Sie fordert Schadensersatz und behauptet, die Beklagte habe ihre Verkehrssicherungspflicht verletzt, indem sie für die Treppenstufen zu glattes bzw. rutschiges Material genutzt und die mit erheblichen Moos und Materialablagerungen bedeckten Stufen nicht ordnungsgemäß gesäubert hätte.

Das Landgericht hatte die Klage abgewiesen.

 

Rechtliches

Der Senat des OLG Schleswig wies darauf hin, dass das Gericht die Berufung zurückweisen werde.

Bereits das Landgericht konnte keinen objektiven Pflichtverstoß feststellen, der eine Haftung der Beklagten nach § 823 I BGB begründen würde.
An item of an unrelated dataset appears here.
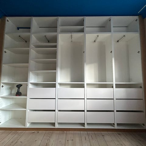 Vægbeslagene medfølger, bare ikke skinnen til at hænge dem på.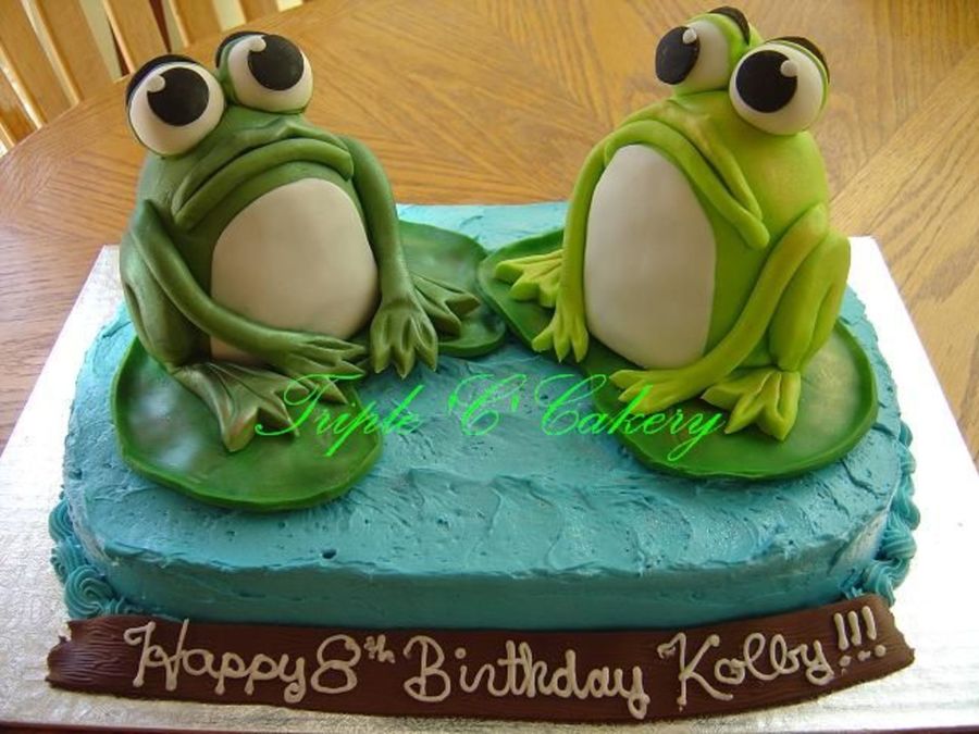 9x13 base cake iced with IMBC. Frogs are made in the mini wondermold pan, iced wth IMBC and covered with fondant. Frogs copied after ones made by DaisyMakesCakes in the UK.

Als Verkehrssicherungspflichtiger muss man nicht allen denkbaren Gefahren vorbeugen. Es kann nur Schutz vor Gefahren verlangt werden, die über das übliche Nutzungsrisiko hinausgehen und die für den Benutzer unvorhersehbar bzw. nicht ohne weiteres erkennbar sind.

Bei einer Treppe am Wattenmeer ist es unvermeidbar, dass diese durch Ablagerungen von Schwebstoffen bereits innerhalb einer Tide rutschig wird. Es gibt keine öffentlich-rechtlichen Normen oder Regelwerke, die bestimmte rutschhemmende Werte für solche Treppenanlagen vorschreiben. Um ein Ausrutschen zu vermeiden, wurden Handläufe an die Treppe befestigt. Laut Sachverständigengutachten sei auch das für die Treppe verwendete Betonmaterial geeignet und biete einen ausreichend rutschfesten Bodenbelag.

Selbst bei Vorliegen eines ungeeigneten Materials fehle für eine deliktische Haftung der Beklagten ein Verschulden, da die Planung der Anlage von einer Fachplanerin übernommen wurde. Fahrlässigkeit könne hier nur bejaht werden, wenn die Beklagte eine fehlerhafte Planung erkannt hätte. Dies sei hier nicht ersichtlich.

 

Das Gericht ist außerdem der Ansicht, dass ein Nutzer einer Badestelle stets damit rechnen muss, dass aufgrund der natürlichen Begebenheiten des Meeres  Treppen rutschig sein können und trage selbst die Verantwortung, diese mit Vorsicht zu benutzen. Es sei für jeden Nutzer offenkundig, dass mit den typischen Gefahren des Strandes – wie eine Sturzgefahr durch Schlick, Strömungen, Treibgut, Meerestieren oder auch Wellen – zu rechnen ist.

Bei einer Treppenanlage am Watt, die dauerhaft durch die Gezeiten und das Wetter beeinflusst ist, könne nicht davon ausgegangen werden, dass diese ständig gesäubert wird und “rutschfest“ ist.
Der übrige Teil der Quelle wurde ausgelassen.